Why I Hired My Direct Competitor to Run My Company

Why I Hired My Direct Competitor to Run My Company

Asian Efficiency
Asian EfficiencyMay 20, 2026

Why It Matters

It shows founders how to accelerate scaling by turning competitors into operators, converting industry expertise into immediate operational capacity and freeing founders to pursue high‑impact activities.

Key Takeaways

  • Founder swapped day‑to‑day ops for a competitor with audience expertise
  • Hiring a peer eliminated learning curve typical of traditional COOs
  • Both parties gained: stability for competitor, freedom for founder
  • Model lets founders scale without expanding personal bandwidth
  • Competitor‑to‑operator hires turn revenue uncertainty into steady pay

Pulse Analysis

Founders of niche content businesses often hit a ceiling when they become the de‑facto operator of every function. Managing editorial calendars, course delivery, and customer support can crowd out the creative work that originally attracted them to the venture. Traditional solutions—hiring a COO or general manager—bring strong process skills but lack the deep audience insight required for productivity‑focused brands. The result is a steep onboarding period and a cultural mismatch that can stall momentum.

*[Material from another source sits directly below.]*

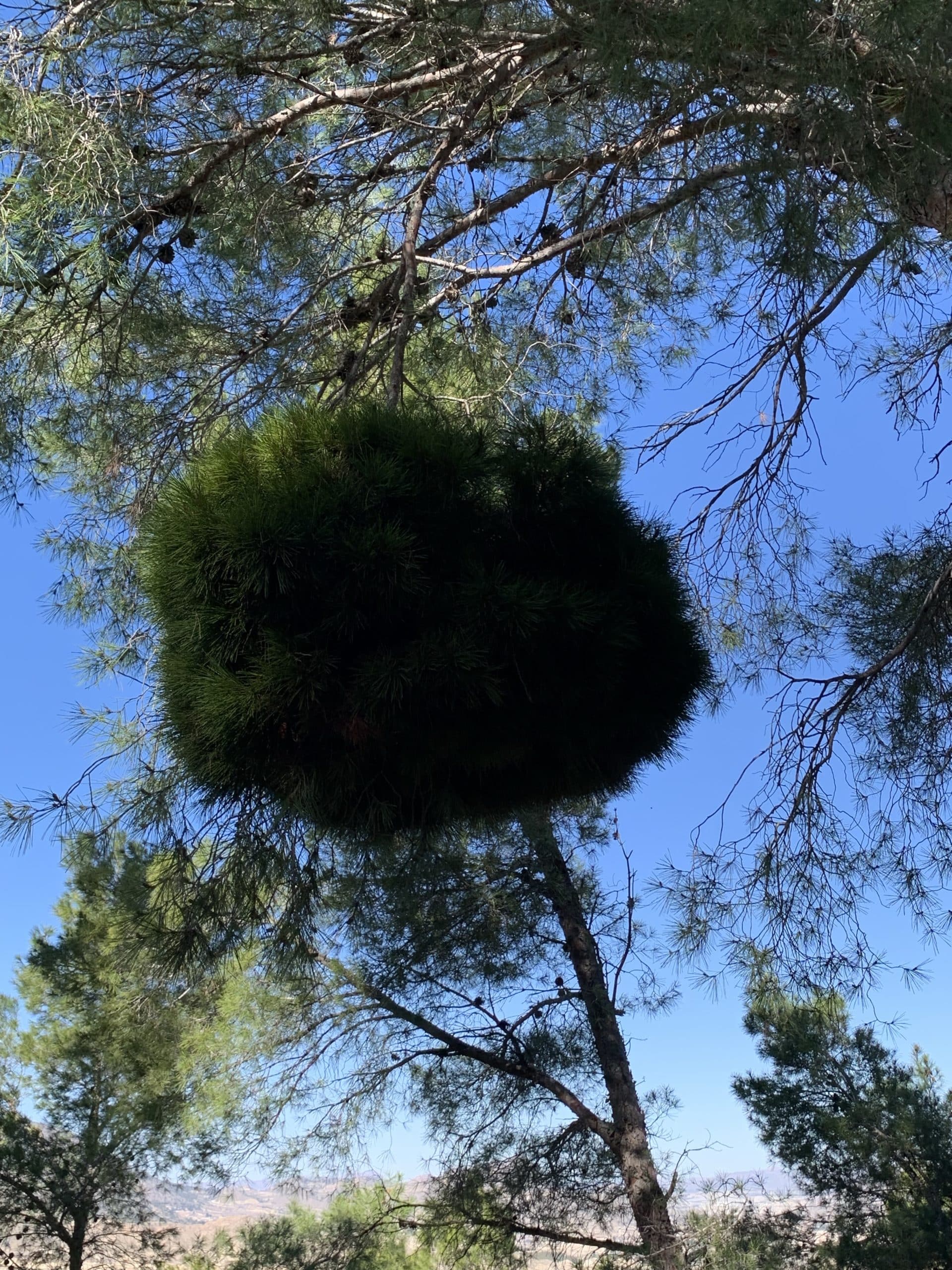 Maisemat muuttuu jälleen. Kuljetaan mäntymetsässä, oikealla hienot näkymät esimerkiksi Abaránin kaupunkiin, jossa olisi mielenkiintoinen vesiratas reitti joen rantaa pitkin. Kaempana näkyy Ciezan kaupunki. Männyissä ihmettelemme suuria tummanvihreitä roikkuvia havupalloja. Näitä kutsutaan täällä nimellä Escoba de Bruja – noidan luuta. Meillähän Suomessa vastaavia tapaa lehtipuissa ja niitä kait sanotaan tuulenpesiksi.

By recruiting a direct competitor, Asian Efficiency sidestepped those pitfalls. Brooks already ran a productivity blog for the same demographic, spoke the same language, and produced the same type of content. This meant he could step into the role with minimal training, instantly understand user pain points, and maintain brand voice. The arrangement also created a win‑win: Brooks received a reliable six‑figure income and a team, while the founder reclaimed time for workshops, speaking engagements, and personal branding—activities that drive higher-margin revenue. The partnership illustrates how talent acquisition can be reframed as a strategic alliance rather than a zero‑sum hiring battle.

The broader implication is a shift toward "competitor‑to‑operator" hiring across SaaS, media, and consulting sectors. Companies can scan the ecosystem for solo founders or small teams that already solve a slice of their problem space, then offer them scale and stability in exchange for operational leadership. This approach reduces onboarding costs, accelerates time‑to‑market, and preserves the cultural DNA that resonates with customers. However, founders must conduct thorough due diligence to ensure alignment on vision and guard against potential conflicts of interest. When executed thoughtfully, the model can unlock growth without expanding the founder’s personal bandwidth.